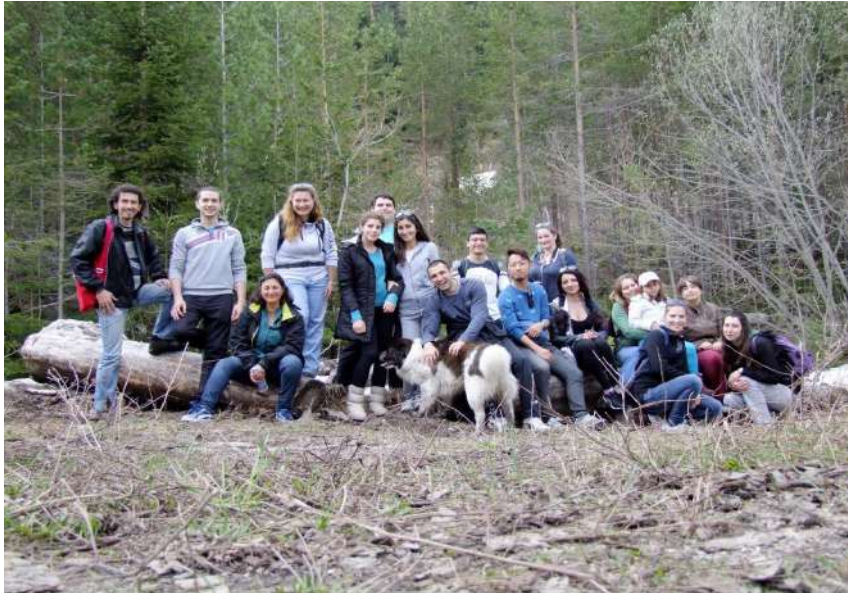
Фотография 30. Физически упражнения на т.нар. сечище (осми семинар, 12 май 2017 г.)
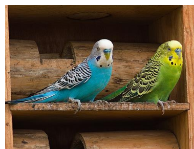
I Pundurpapagailis Melopsittacus undulatus
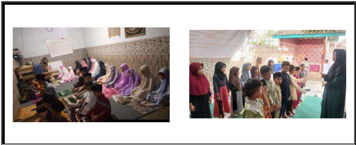
Gambar 2. Internalisasi Shalat

_What is required_.
Write out, word for word, only the lines from the one containing "I Pundurpapagailis Melopsittacus undulatus" to the end of the data above; the pictures stay out.

_Result_.
I Pundurpapagailis Melopsittacus undulatus
Gambar 2. Internalisasi Shalat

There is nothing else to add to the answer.